Daha somut yazayım. Ülkemizin en büyük belediyelerinden birinde yapılacak FETÖ/PDY mensuplarını tasfiye işlemi için bir komisyon kuruluyor. Ne var ki iddiaya göre komisyonun çoğunluğu paralelci diye bilinen adamlar. Ve ilk iş paralelci olmayan hatta onlarla mücadelenin cephelerinden birini tutmuş bir kişiyi işten çıkarmak oluyor. Dikat edilmeli. Çok dikkat edilmeli.
İTİDAL ESAS ALINMALI
Ölçüsüzlükten söz açmışken birkaç şeyi daha ifade etmek boynumun borcudur. Demokrasi şehidi ifadesi beni hayli rahatsız ediyor; sadece beni değil şehit ailelerini de. Bu söylem hem aziz şehitlerimizin ruhunu incitir, bağlamdan kopuk bir ifadedir hem de işi sulandırır. Kaldı ki birahaneden çıkıp meydanlara giden bir gencimiz dahi Allah için, vatan için şehit olmak üzere darbecilerin karşısına dikildiklerini söylüyor. Bizim mayamız bu.

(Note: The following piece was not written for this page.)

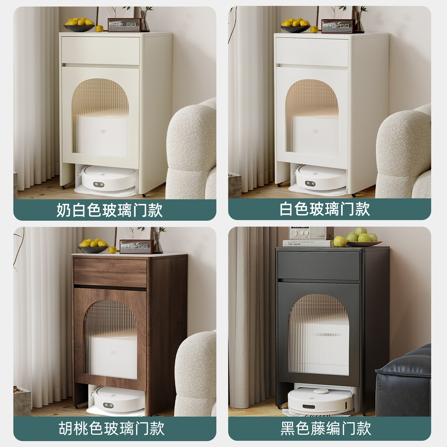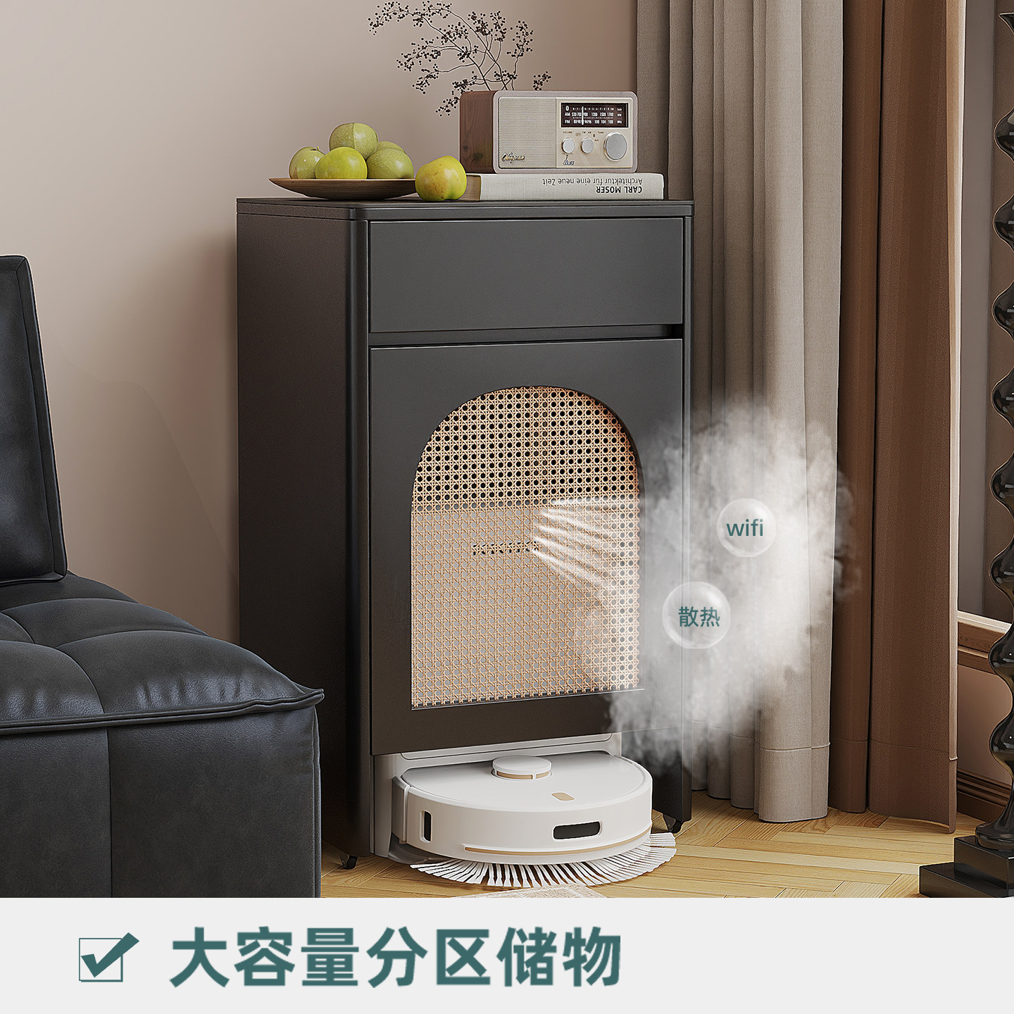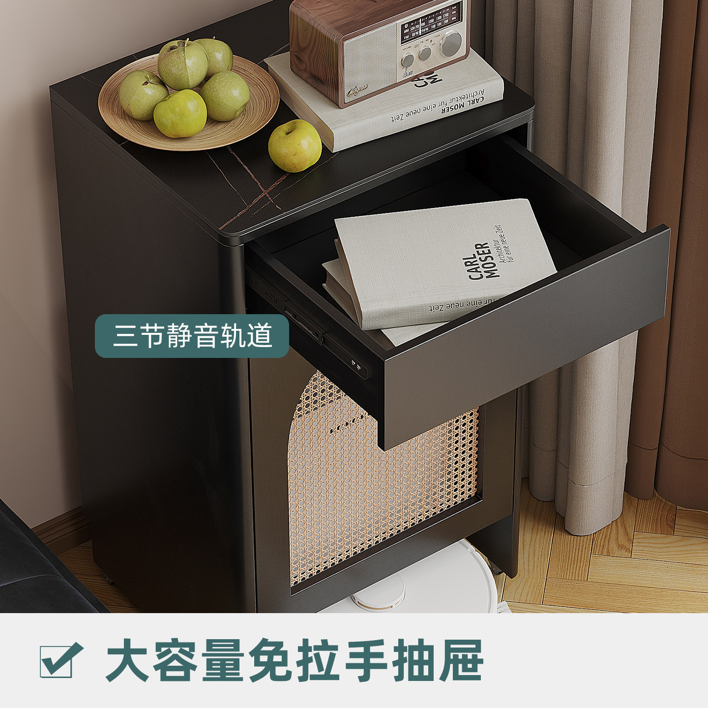 推荐理由:中古风扫地机器人置物柜藤编沙发边柜侧边几基站上方置物架收纳柜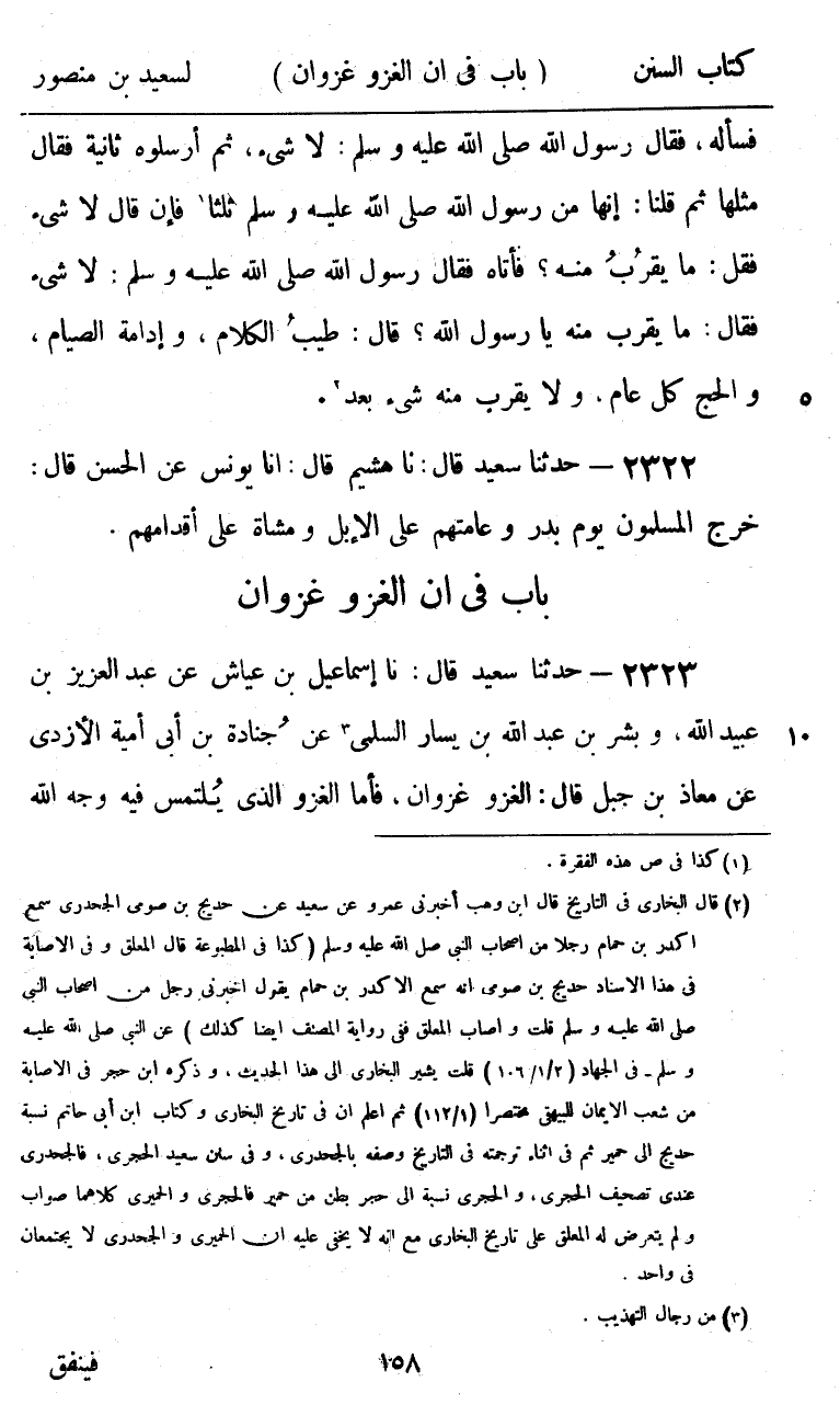 2322 - حَدَّثَنَا سَعِيدٌ قَالَ: نا هُشَيْمٌ، قَالَ: أنا يُونُسُ، عَنِ الْحَسَنِ، قَالَ: «§خَرَجَ الْمُسْلِمُونَ يَوْمَ بَدْرٍ وَعَامَّتُهُمْ عَلَى الْإِبِلِ وَمُشَاةً عَلَى أَقْدَامِهِمْ»

İkincisi, Aliya’nın düşmanlarımıza gelince onlara adaletten başka bir şey borçlu değiliz diye ifade ettiği hikmetin aksine ‘hainler mezarlığı’ diye bir garabetten neyse ki geri dönüldü. Dinimizde, geleneğimizde yeri olmayan bu tip eylemler bizi yanlışa sürükler. Bu çok net.
Sonra, nöbetlerde olmadık şarkıcıların konser vermesi de bir o kadar tuhaf ve yanlıştır. Evet yas tutmayacağız elbette. Zaferimizin neşesi içinde olacağız, şehitlerimiz için Allah mubarek etsin diyeceğiz ama vakarımızla. Ciddiyeti elden bırakmayacağız, rehavete müsade etmeyeceğiz.
Son olarak, Cumhurbaşkanı Erdoğan’ın davetiyle Cumhurbaşkanlığı Külliyesi’ne giden gazi ve şehit ailelerinin belki de baştan ayağa yanlış bir organizasyonla karşı karşıya bırakılması da bir o kadar vahim. Alpaslan Cambaz’ın sosyal medya hesaplarından yazdığı, annesinin ve kendisinin travmasını tazeleyen, onları inciten program da bir başka ölçüsüzlüktür. Bu programı kim tertip ettiyse işi Cumhurbaşkanı’na bırakmadan, sessiz sedasız gidip özür dilemelidir o insanlardan. Ayıp edilmiş telafi edilmeli.
Meydanlarda namaz kılınmalı, dualar edilmeli, tekbirler getirilmeli. Hassasiyet ve dikkat elden bırakılmamalı. Özellikle gazilerimizin ve şehit ailelerimizin psikolojilerini bozacak herşeyden kaçınılmalı.
Vesselam.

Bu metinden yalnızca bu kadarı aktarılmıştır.